The drama really peaks as Negi arrives at Khan's home. He is welcomed into the family fold. We see this in subtle gestures and the demeanor of the characters in the scene. This is perhaps the most moving moment of the film. Khan in his voiceover shares that something "had changed" at that moment. With these words, the camera recedes from the scene, as if acknowledging the emotional intensity of the moment and according a dignity to the scenario that the camera's presence and literal visualization would shatter.

The film is held together with poetic and carefully designed cinematography, wherein the camera is no longer simply observational, but a presence that is on occasion emotional, on others humorous.

Khan and Negi shared the camerawork, each filming the other during travel. There is a visible distinction in how each frames the other that is both spontaneous, in keeping with the documentary circumstance of the piece, and subjective, as if through the camera vocabulary the two friends were addressing one another. Kamal is mostly seen from a low angle, a position of viewing that complements his calm and contained persona. Masood comes across as an extrovert, informal and conversational. We see him through very mobile images, such that he melds as a face amidst the crowds he interacts with.

Though the film is very private - made explicitly from the view of the filmmakers - it situates and contextualizes its content within a wider historical and political context. "Confronting my family with a camera was quite difficult for me. This was the first time that I was ever doing something like this.
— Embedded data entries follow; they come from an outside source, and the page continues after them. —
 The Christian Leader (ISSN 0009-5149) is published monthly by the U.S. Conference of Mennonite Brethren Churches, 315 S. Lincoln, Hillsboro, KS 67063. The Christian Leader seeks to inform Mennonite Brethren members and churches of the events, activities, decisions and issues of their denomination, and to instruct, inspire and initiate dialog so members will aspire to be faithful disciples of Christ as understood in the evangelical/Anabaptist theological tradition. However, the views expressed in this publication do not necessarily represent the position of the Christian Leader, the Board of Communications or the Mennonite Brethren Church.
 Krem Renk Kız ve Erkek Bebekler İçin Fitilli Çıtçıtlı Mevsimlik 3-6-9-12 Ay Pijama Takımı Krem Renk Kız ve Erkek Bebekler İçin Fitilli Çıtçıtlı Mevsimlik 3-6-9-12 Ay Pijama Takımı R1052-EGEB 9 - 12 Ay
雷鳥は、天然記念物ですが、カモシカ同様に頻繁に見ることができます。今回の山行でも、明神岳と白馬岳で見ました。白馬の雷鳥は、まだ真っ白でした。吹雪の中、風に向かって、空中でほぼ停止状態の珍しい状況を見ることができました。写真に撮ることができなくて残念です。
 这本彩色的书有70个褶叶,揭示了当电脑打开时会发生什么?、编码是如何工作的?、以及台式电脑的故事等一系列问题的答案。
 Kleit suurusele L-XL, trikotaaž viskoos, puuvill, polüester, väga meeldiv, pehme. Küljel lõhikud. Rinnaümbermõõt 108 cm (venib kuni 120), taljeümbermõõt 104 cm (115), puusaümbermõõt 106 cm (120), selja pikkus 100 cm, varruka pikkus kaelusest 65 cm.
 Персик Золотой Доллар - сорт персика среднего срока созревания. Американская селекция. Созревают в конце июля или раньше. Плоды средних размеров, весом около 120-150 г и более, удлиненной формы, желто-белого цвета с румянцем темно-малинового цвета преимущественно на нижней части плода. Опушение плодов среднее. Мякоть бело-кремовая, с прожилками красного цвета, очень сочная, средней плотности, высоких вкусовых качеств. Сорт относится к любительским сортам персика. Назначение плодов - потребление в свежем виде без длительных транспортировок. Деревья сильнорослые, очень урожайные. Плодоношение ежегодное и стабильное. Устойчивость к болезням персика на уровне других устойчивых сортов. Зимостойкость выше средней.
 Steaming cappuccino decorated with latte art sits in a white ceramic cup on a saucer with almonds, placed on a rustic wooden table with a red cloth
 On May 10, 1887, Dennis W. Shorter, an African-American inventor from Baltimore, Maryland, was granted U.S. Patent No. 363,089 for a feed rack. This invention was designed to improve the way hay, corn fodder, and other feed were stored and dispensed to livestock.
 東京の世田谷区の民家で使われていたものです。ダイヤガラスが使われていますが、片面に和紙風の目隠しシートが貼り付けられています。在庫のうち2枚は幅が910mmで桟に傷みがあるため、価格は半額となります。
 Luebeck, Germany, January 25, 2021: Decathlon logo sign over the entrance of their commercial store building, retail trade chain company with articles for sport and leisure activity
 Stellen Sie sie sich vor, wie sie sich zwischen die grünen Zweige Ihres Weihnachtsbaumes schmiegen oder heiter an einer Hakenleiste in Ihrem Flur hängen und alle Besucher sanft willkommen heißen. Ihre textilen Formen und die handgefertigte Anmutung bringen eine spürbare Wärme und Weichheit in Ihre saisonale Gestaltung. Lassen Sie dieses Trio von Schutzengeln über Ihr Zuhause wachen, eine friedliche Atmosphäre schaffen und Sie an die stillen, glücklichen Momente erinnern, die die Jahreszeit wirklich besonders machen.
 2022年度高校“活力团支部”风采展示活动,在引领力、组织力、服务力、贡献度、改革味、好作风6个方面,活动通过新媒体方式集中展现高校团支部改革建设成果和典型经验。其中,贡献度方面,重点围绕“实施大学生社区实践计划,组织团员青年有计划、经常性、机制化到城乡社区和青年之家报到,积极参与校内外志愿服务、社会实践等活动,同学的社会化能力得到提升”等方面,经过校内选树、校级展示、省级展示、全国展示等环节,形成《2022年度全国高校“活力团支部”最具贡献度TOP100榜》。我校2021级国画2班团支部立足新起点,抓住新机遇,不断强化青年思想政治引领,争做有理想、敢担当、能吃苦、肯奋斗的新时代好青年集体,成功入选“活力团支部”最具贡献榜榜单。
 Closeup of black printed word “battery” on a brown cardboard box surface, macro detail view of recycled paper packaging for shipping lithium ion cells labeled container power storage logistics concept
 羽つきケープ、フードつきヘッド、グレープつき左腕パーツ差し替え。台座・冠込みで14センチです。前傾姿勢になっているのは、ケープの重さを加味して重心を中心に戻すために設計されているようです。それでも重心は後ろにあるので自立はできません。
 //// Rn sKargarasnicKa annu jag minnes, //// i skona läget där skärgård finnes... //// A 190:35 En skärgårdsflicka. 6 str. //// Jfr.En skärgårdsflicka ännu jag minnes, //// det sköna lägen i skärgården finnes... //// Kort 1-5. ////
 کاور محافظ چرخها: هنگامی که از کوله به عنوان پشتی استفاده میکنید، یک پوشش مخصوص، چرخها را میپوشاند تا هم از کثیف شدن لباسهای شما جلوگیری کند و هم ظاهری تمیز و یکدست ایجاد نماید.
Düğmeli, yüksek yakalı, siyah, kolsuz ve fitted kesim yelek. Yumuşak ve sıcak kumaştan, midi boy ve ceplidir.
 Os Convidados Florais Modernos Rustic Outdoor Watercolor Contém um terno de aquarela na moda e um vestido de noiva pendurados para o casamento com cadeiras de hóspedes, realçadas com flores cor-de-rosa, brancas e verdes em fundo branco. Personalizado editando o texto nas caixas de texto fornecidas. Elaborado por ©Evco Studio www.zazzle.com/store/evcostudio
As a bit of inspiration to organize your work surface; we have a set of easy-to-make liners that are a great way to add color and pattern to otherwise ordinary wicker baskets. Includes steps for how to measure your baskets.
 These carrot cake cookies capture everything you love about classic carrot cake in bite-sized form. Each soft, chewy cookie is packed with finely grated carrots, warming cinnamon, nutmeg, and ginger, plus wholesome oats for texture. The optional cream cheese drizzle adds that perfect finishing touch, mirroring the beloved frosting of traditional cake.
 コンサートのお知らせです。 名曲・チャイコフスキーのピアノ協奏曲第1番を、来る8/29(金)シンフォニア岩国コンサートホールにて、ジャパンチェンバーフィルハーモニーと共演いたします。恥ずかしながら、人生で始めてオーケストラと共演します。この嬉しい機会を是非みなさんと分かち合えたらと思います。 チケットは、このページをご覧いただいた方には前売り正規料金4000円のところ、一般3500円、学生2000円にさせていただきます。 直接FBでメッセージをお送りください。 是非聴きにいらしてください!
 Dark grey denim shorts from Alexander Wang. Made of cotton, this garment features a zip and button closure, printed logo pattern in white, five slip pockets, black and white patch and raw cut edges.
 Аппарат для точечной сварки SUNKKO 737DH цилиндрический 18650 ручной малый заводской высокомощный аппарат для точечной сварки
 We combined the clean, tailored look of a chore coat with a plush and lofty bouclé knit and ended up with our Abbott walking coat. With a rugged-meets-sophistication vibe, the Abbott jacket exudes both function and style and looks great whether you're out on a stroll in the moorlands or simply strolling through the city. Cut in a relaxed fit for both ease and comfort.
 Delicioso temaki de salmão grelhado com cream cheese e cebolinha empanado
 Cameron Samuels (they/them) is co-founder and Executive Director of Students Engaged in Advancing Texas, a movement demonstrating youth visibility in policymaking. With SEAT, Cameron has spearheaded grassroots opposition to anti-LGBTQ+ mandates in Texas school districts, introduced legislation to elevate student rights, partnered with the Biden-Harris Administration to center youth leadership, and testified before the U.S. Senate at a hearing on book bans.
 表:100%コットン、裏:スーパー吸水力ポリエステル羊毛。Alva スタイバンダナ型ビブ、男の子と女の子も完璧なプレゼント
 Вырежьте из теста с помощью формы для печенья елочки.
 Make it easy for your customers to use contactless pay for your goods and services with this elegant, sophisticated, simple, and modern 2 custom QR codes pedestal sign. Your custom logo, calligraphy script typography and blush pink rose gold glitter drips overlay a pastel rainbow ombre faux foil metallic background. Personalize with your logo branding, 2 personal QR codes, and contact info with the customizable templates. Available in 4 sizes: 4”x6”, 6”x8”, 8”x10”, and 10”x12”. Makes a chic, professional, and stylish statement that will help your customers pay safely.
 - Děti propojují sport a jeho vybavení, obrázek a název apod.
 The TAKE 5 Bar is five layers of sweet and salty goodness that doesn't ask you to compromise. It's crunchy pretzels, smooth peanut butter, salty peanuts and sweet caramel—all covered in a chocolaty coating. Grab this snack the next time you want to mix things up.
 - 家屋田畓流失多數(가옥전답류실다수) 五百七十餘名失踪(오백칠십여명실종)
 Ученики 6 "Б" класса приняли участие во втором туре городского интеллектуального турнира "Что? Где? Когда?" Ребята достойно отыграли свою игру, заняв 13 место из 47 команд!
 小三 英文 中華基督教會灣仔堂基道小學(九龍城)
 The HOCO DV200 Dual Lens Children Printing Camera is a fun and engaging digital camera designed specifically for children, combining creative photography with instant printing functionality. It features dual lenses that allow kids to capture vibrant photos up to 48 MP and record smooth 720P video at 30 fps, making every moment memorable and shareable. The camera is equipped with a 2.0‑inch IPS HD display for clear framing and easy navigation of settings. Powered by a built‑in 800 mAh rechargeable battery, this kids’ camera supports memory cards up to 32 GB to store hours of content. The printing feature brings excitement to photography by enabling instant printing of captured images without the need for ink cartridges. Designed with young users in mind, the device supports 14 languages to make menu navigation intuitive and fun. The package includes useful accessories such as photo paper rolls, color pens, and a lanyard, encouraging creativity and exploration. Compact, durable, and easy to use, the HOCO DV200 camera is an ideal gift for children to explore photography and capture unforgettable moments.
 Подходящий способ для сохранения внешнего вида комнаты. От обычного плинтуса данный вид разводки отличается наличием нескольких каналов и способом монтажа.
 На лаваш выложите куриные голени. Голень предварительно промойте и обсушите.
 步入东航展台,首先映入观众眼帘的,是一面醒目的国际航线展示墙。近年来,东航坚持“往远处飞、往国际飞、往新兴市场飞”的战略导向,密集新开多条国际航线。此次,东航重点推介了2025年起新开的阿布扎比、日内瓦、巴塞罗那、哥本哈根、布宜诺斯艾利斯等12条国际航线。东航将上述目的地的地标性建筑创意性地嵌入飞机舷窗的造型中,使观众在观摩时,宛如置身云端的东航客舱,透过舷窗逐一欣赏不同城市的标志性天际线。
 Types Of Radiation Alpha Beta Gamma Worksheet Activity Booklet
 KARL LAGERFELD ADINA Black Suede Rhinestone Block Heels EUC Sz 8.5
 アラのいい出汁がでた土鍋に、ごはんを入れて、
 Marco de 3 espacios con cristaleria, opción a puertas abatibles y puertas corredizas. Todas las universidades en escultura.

But once I got started, I saw that the images were revealing very deep meanings. The most lasting impression, though, is of my time in Pakistan. On the occasions when I was confronted with questions about Kashmir, Hindu-Muslim ties, I felt very frustrated. I had no answers to these questions. But, in hindsight, that is the beauty of our film. It does not seek to give solutions," says Negi.

Besides references in the conversations between Khan and Negi, the sequence depicting the daily ceremony at the Wagah border, is key in this respect. Khan, in his voiceover, unambiguously calls it "jingoistic". The film transcends its structure as a purely personal account, and situates itself almost as an intervention, a second-generation attempt that acknowledges the traumas that their grandparents' and parents' generations encountered, yet looks beyond that historical moment - to approach the enemy, the brother on more positive terms.

`My Brother, My Enemy' has won numerous awards, such as the best debut at the South Asian Film Festival and a commendation at the Royal Anthropological Institute's Ethnographic Film Festival hosted by the Oxford University. It is a timely film and an effort that shall go a long way in, if not healing the wounds of Partition, dealing with the borders it created on more humane terms. Perhaps this is the much-needed antidote needed to deal with the collective memory of a historical encounter the two nations still grapple with emotionally.